Records from a data source:

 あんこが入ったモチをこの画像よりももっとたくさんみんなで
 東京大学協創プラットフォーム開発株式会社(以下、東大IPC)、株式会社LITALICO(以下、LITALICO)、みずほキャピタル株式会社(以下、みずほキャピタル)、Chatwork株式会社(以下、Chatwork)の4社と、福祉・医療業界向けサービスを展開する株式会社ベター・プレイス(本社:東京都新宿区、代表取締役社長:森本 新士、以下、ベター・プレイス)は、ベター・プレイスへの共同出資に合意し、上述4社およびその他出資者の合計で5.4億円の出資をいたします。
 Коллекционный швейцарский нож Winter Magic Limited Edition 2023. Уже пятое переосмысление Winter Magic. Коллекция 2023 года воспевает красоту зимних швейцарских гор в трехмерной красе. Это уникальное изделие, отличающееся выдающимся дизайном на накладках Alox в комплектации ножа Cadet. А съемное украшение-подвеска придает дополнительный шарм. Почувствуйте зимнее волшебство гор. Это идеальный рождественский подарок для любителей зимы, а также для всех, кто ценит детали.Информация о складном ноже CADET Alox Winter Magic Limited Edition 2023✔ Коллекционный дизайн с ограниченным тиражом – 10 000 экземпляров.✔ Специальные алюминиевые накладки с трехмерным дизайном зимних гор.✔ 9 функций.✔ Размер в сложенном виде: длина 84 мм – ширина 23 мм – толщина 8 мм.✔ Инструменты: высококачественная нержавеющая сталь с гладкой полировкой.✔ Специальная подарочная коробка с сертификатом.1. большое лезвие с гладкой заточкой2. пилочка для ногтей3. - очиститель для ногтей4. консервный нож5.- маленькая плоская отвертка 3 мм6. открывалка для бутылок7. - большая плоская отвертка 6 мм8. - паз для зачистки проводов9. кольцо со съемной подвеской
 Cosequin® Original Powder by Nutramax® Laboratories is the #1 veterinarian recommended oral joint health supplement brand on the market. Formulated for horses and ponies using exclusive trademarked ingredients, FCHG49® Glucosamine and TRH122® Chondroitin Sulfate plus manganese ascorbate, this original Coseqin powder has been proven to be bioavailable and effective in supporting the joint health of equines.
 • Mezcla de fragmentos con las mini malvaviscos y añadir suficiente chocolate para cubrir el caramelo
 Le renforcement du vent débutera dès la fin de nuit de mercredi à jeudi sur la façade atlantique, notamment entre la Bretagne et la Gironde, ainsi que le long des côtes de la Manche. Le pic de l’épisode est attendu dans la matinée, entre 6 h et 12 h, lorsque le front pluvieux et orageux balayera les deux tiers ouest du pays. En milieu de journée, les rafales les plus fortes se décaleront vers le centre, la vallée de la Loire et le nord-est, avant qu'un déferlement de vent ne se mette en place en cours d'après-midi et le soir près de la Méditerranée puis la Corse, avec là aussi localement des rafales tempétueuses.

Task instructions:
With nothing added or dropped, reproduce all the data exactly.

Answer to the exercise:
 あんこが入ったモチをこの画像よりももっとたくさんみんなで
 東京大学協創プラットフォーム開発株式会社(以下、東大IPC)、株式会社LITALICO(以下、LITALICO)、みずほキャピタル株式会社(以下、みずほキャピタル)、Chatwork株式会社(以下、Chatwork)の4社と、福祉・医療業界向けサービスを展開する株式会社ベター・プレイス(本社:東京都新宿区、代表取締役社長:森本 新士、以下、ベター・プレイス)は、ベター・プレイスへの共同出資に合意し、上述4社およびその他出資者の合計で5.4億円の出資をいたします。
 Коллекционный швейцарский нож Winter Magic Limited Edition 2023. Уже пятое переосмысление Winter Magic. Коллекция 2023 года воспевает красоту зимних швейцарских гор в трехмерной красе. Это уникальное изделие, отличающееся выдающимся дизайном на накладках Alox в комплектации ножа Cadet. А съемное украшение-подвеска придает дополнительный шарм. Почувствуйте зимнее волшебство гор. Это идеальный рождественский подарок для любителей зимы, а также для всех, кто ценит детали.Информация о складном ноже CADET Alox Winter Magic Limited Edition 2023✔ Коллекционный дизайн с ограниченным тиражом – 10 000 экземпляров.✔ Специальные алюминиевые накладки с трехмерным дизайном зимних гор.✔ 9 функций.✔ Размер в сложенном виде: длина 84 мм – ширина 23 мм – толщина 8 мм.✔ Инструменты: высококачественная нержавеющая сталь с гладкой полировкой.✔ Специальная подарочная коробка с сертификатом.1. большое лезвие с гладкой заточкой2. пилочка для ногтей3. - очиститель для ногтей4. консервный нож5.- маленькая плоская отвертка 3 мм6. открывалка для бутылок7. - большая плоская отвертка 6 мм8. - паз для зачистки проводов9. кольцо со съемной подвеской
 Cosequin® Original Powder by Nutramax® Laboratories is the #1 veterinarian recommended oral joint health supplement brand on the market. Formulated for horses and ponies using exclusive trademarked ingredients, FCHG49® Glucosamine and TRH122® Chondroitin Sulfate plus manganese ascorbate, this original Coseqin powder has been proven to be bioavailable and effective in supporting the joint health of equines.
 • Mezcla de fragmentos con las mini malvaviscos y añadir suficiente chocolate para cubrir el caramelo
 Le renforcement du vent débutera dès la fin de nuit de mercredi à jeudi sur la façade atlantique, notamment entre la Bretagne et la Gironde, ainsi que le long des côtes de la Manche. Le pic de l’épisode est attendu dans la matinée, entre 6 h et 12 h, lorsque le front pluvieux et orageux balayera les deux tiers ouest du pays. En milieu de journée, les rafales les plus fortes se décaleront vers le centre, la vallée de la Loire et le nord-est, avant qu'un déferlement de vent ne se mette en place en cours d'après-midi et le soir près de la Méditerranée puis la Corse, avec là aussi localement des rafales tempétueuses.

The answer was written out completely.